= Abena Brigidi =

Ghanaian financial analyst

Abena B. Brigidi is a Ghanaian investment analyst author and speaker. She is a financial analyst and a banker with over a decade in the financial industry.

She is the founding partner and the chief executive officer of Nimed Capital Limited, a leading investment banking firm in Accra, Ghana.

==Early life==
Brigidi attended Achimota School and Aburi Girls Senior High School. She holds a bachelor's degree in Humanities from the University of Ghana and as well as Masters of Business Administration (MBA) in General Management from the University of East London. She worships with the Restoration Center of the Assemblies of God Church Roman Ridge.

==Career==
Brigidi worked at Halifax PLC, a bank operating in the United Kingdom as a trading division of the Bank of Scotland. She joined Zenith Bank Ghana as a customer service advisor and then as a relationship manager and head of customer service in Ghana Branch. She left Zenith Bank and joined All-Time Capital, an investing banking firm in Accra as vice president for sales and marketing with responsibility over marketing and new product development.
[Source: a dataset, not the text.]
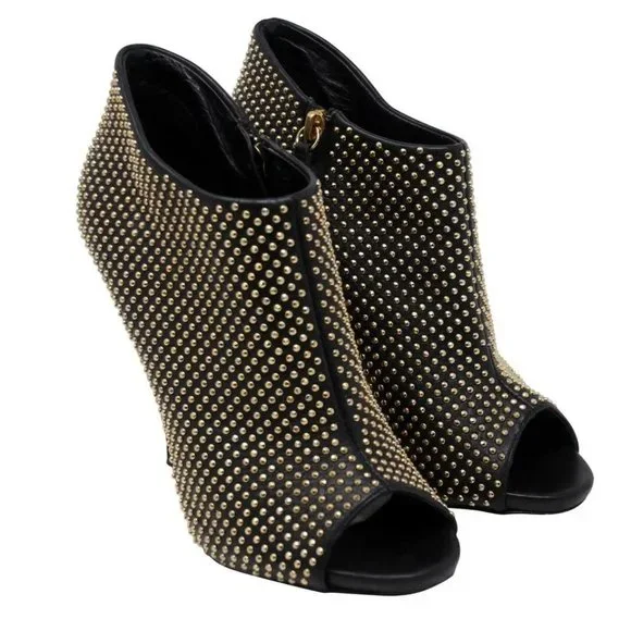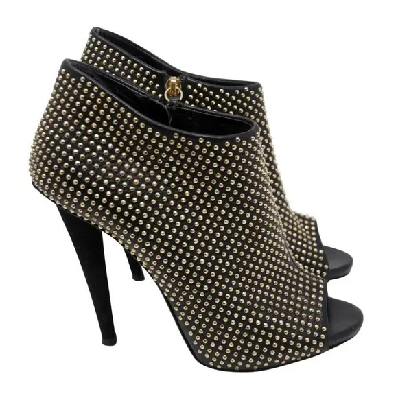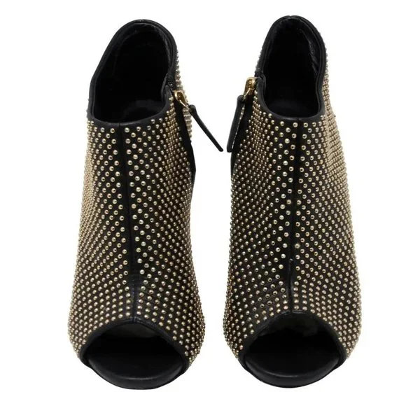 These Giuseppe booties are the perfect match for you! They are in good condition with only minor use. Leather is in good condition with no rips. Missing stud on left shoe. (...

After two years with All-Time Capital, she joined Kariela Oil and Gas Ghana between January 2010 and August 2014, where she spent four years in the position of chief financial officer.

Brigidi was a founding partner and the chief executive officer at Nimed Capital Limited, a leading investment banking firm.

== Personal life ==
Abena is married to a legal practitioner, David Cobbina Brigidi, and the couple have twin children.